Anyways, I see a Columbia set with a "hot mud" pump. Columbia Set

I've always wondered if some guys ran hot mud in tubes or tools in general. I don't run production, rather looking to run a basement or addition with tools. With the smaller sqft. I am thinking I could run a couple of coats in one day. Pipe dream?

I hear there is a new zooka with a detachable head but I already have one and with all the thousands of tiny parts I don't have the guts to fill with setting mud. Tubes and flushers are another story tho.


----------



## cazna (Mar 28, 2010)

Homax banjo, Tubes, mudheads, flushers/angleheads, Quickfill pump, Boxes etc is what you want, Even these are not worth it if its a smaller job, Bazookas and pumps a bit of a hassel unless its a bigger job and there is 2 or 3 of you. Its a bit much on your own, I set my zooka and pump and gooseneck in hotmud once, sheetrock 210 went off in after 90min, really fast, What a , took me ages to clean it out.


----------



## Collin (Dec 22, 2011)

cazna said:


> Homax banjo, Tubes, mudheads, flushers/angleheads, Quickfill pump, Boxes etc is what you want, Even these are not worth it if its a smaller job, Bazookas and pumps a bit of a hassel unless its a bigger job and there is 2 or 3 of you. Its a bit much on your own, I set my zooka and pump and gooseneck in hotmud once, sheetrock 210 went off in after 90min, really fast, What a , took me ages to clean it out.

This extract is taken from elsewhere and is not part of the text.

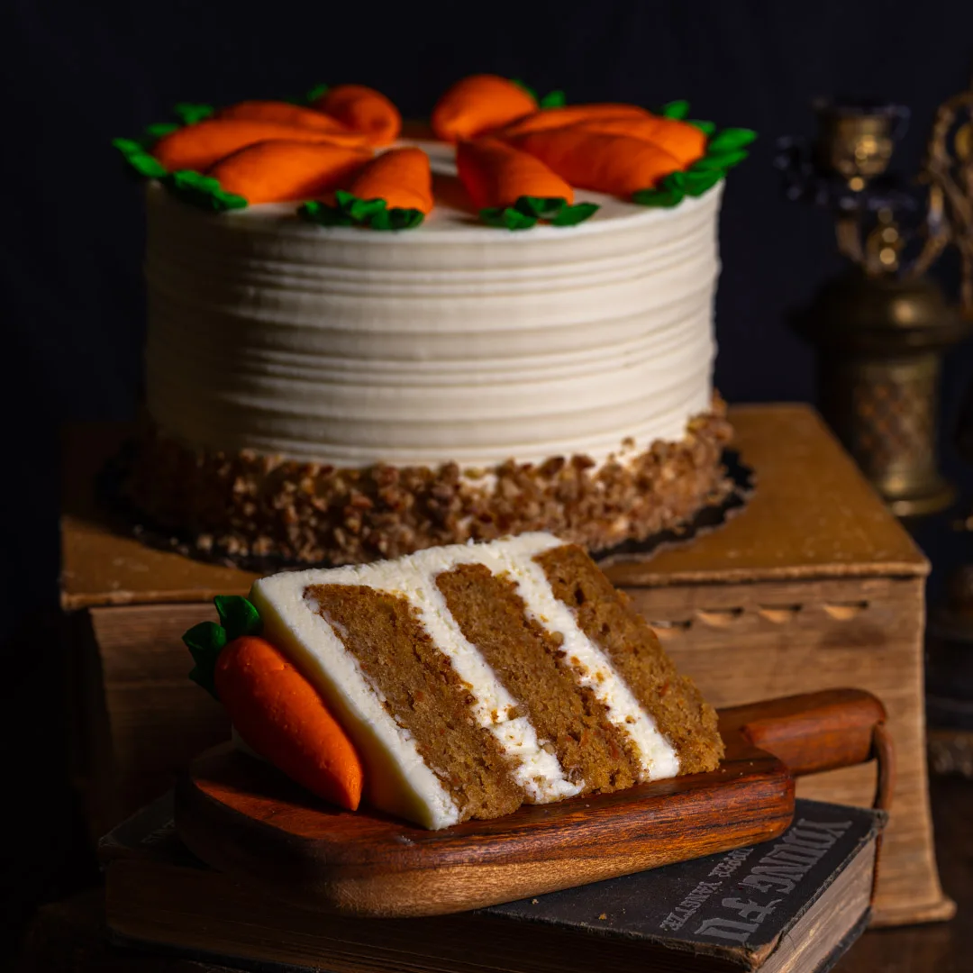 Enjoy three layers of soft Ginger Spiced Carrot Cake surrounded by our signature healthy portion of our Cheesecake Frosting and accented with super yummy Candied Pecans and, of course, Buttercream Carrots!

Hot mud went off before it time, has it happen to anyone else, just wondering if was just a one time thing like lighting striking twice in the same spot


----------



## moore (Dec 2, 2010)

Collin said:


> Hot mud went off before it time, has it happen to anyone else, just wondering if was just a one time thing like lighting striking twice in the same spot


RUCO hot mud will set 10 min. before bag time says.
RUCO 90 sets in 45 min
45 sets in 30
20 sets in 15 ....No matter the water or the way you mix It sets fast.


Ruco products are bottom of the barrel dollar store trash/junk/!


----------



## Paulie (Aug 27, 2011)

I work with hot mud (setting type) quite a bit. There are different factors that make it go off faster than the time on the bag. The biggest we've found is contamination from old to new batch. Also temp of water used to mix and I've found that well water seems to make it go off faster but have no clue why.

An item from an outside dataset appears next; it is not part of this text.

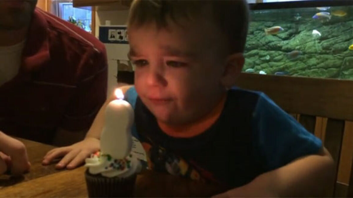This two-year-old can't quite blow out his birthday candle and it’s adorable

It's nice putting all three coats on in one day tho.


----------



## PrecisionTaping (Feb 2, 2012)

Paulie said:


> I work with hot mud (setting type) quite a bit. There are different factors that make it go off faster than the time on the bag. The biggest we've found is contamination from old to new batch. Also temp of water used to mix and I've found that well water seems to make it go off faster but have no clue why.
> 
> It's nice putting all three coats on in one day tho.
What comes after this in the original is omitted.